DATA RECORDS:
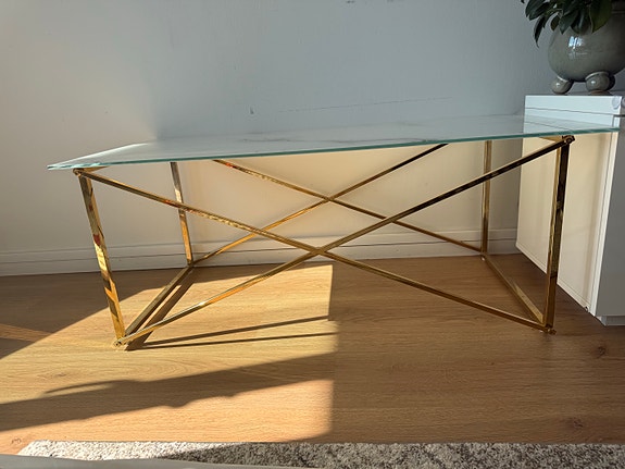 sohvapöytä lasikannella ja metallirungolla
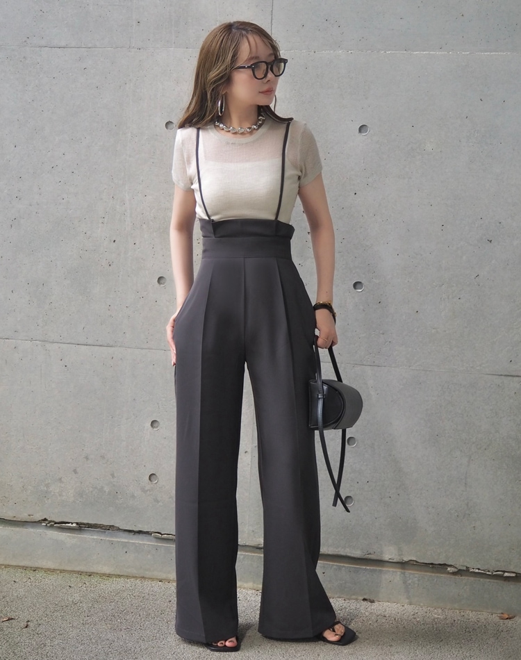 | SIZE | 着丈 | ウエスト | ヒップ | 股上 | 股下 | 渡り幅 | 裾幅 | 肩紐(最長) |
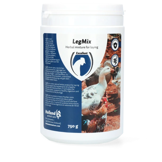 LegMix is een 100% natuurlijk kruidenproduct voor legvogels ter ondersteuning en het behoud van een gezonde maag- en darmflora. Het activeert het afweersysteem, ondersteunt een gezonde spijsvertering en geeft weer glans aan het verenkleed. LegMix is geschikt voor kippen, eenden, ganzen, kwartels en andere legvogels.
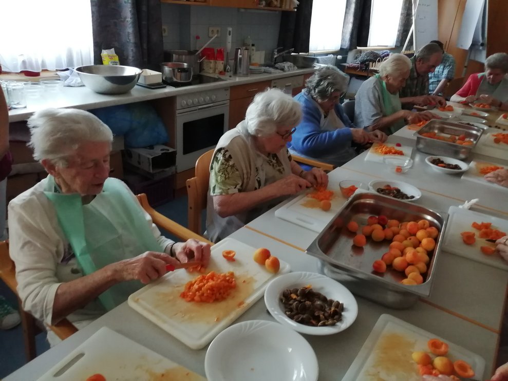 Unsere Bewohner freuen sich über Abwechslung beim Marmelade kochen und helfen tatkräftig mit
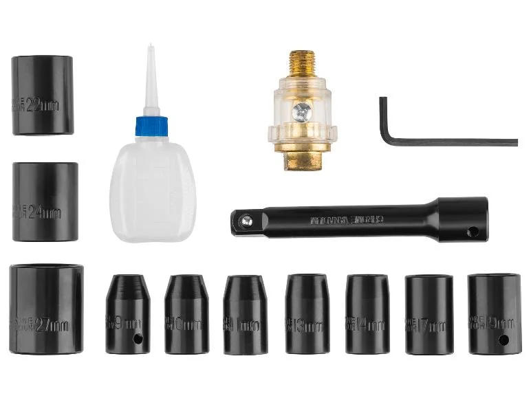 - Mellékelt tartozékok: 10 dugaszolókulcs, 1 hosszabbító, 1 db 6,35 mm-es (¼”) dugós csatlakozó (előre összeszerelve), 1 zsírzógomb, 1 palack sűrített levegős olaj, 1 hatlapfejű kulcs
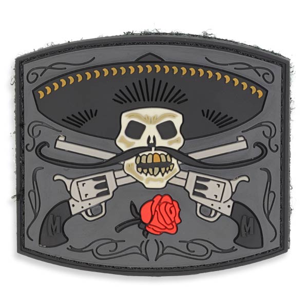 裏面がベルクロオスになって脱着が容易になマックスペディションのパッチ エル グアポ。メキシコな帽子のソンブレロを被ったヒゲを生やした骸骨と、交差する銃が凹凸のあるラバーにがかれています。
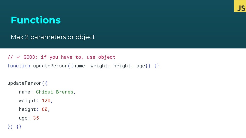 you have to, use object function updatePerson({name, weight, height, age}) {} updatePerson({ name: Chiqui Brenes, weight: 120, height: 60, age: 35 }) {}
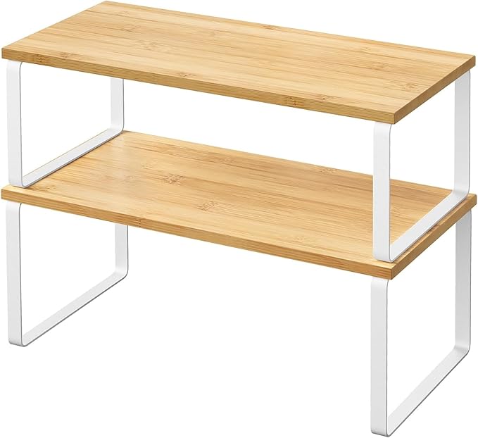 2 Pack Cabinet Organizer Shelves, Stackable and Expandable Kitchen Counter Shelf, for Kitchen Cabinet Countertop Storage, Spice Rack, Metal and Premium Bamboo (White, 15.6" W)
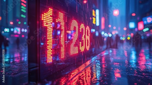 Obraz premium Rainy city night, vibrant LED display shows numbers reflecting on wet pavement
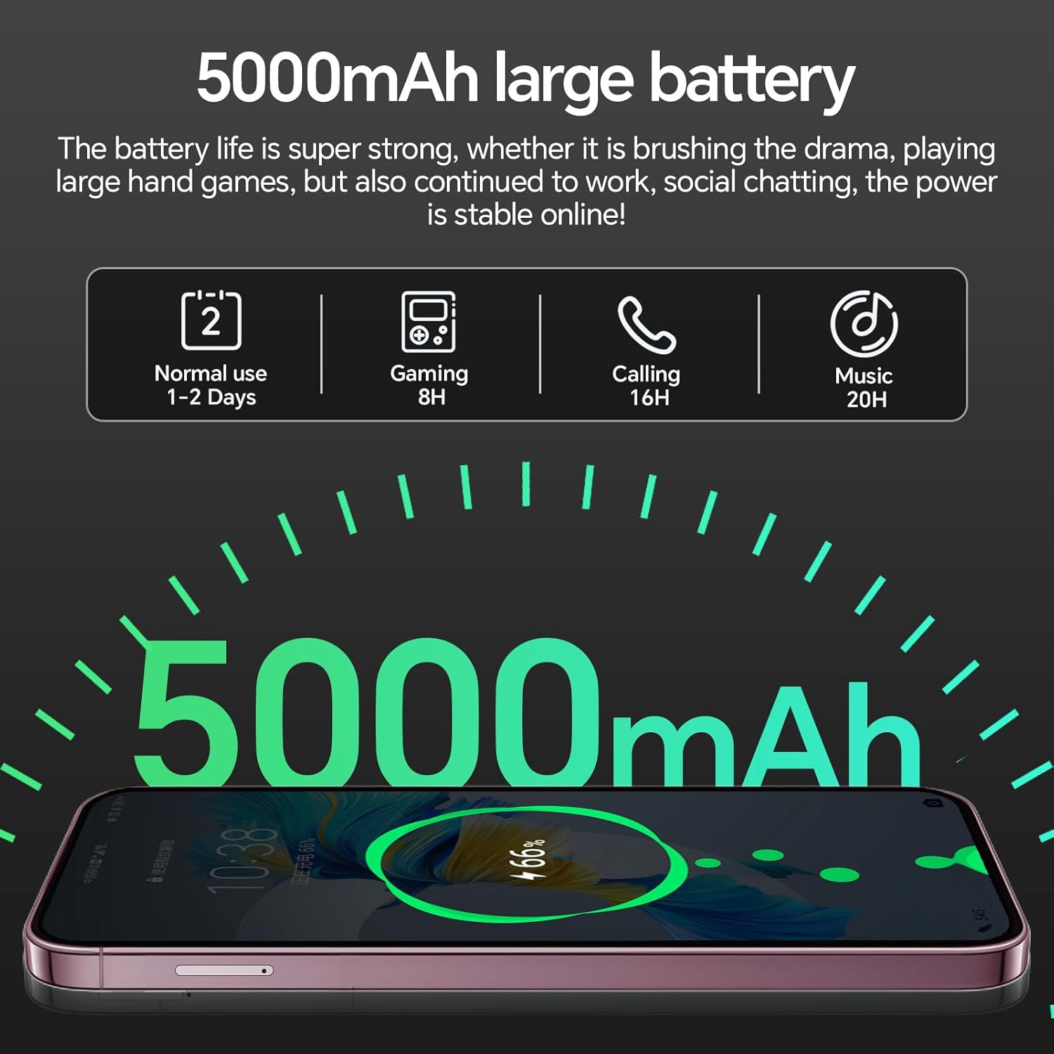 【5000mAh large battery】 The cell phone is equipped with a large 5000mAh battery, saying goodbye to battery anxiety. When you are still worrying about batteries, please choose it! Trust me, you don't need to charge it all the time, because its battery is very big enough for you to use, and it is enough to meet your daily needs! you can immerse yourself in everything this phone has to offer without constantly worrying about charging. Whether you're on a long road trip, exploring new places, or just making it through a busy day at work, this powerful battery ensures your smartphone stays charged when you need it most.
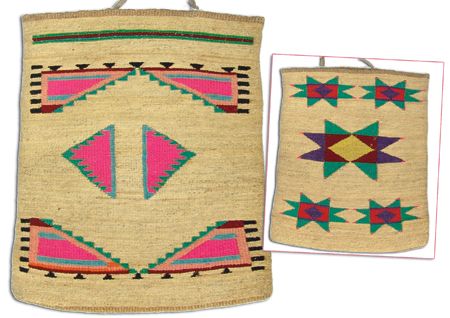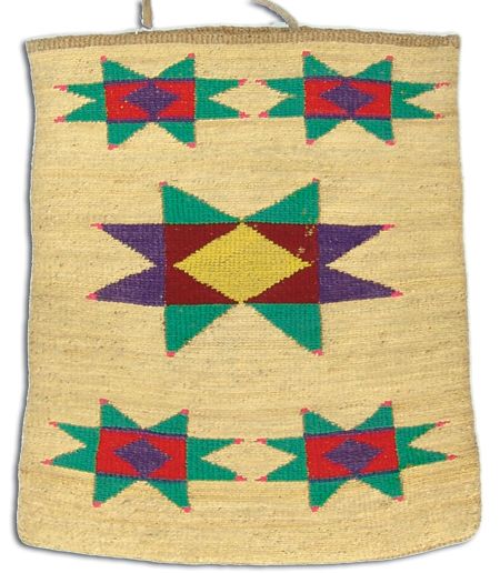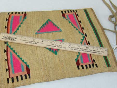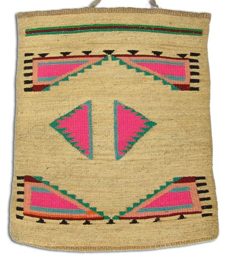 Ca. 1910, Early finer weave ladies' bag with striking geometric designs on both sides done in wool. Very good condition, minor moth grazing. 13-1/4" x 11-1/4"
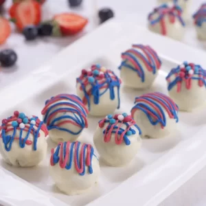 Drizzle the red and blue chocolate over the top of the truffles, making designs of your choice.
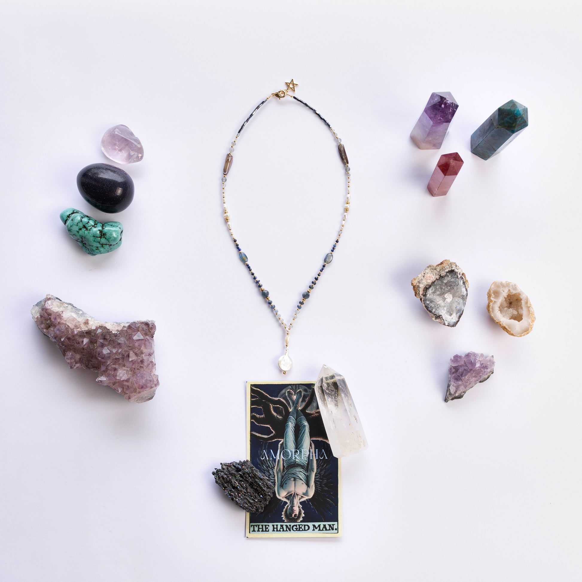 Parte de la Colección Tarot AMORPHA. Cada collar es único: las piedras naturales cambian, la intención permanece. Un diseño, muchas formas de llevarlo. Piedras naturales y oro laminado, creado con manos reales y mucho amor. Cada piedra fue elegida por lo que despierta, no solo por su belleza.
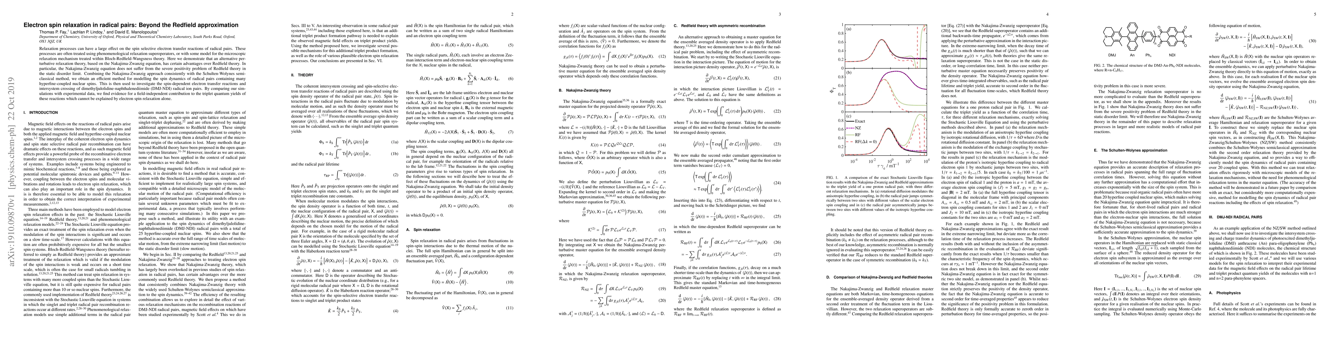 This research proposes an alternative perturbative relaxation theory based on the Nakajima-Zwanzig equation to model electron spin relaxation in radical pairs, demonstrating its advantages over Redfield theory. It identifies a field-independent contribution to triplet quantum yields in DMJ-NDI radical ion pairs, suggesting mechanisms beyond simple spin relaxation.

YOUR INSTRUCTIONS: Output, exactly and only: the line containing "Parte de la", the last line of the listing above, and every line in between. Leave the pictures out.

COMPLETED EXERCISE:
 Parte de la Colección Tarot AMORPHA. Cada collar es único: las piedras naturales cambian, la intención permanece. Un diseño, muchas formas de llevarlo. Piedras naturales y oro laminado, creado con manos reales y mucho amor. Cada piedra fue elegida por lo que despierta, no solo por su belleza.
 This research proposes an alternative perturbative relaxation theory based on the Nakajima-Zwanzig equation to model electron spin relaxation in radical pairs, demonstrating its advantages over Redfield theory. It identifies a field-independent contribution to triplet quantum yields in DMJ-NDI radical ion pairs, suggesting mechanisms beyond simple spin relaxation.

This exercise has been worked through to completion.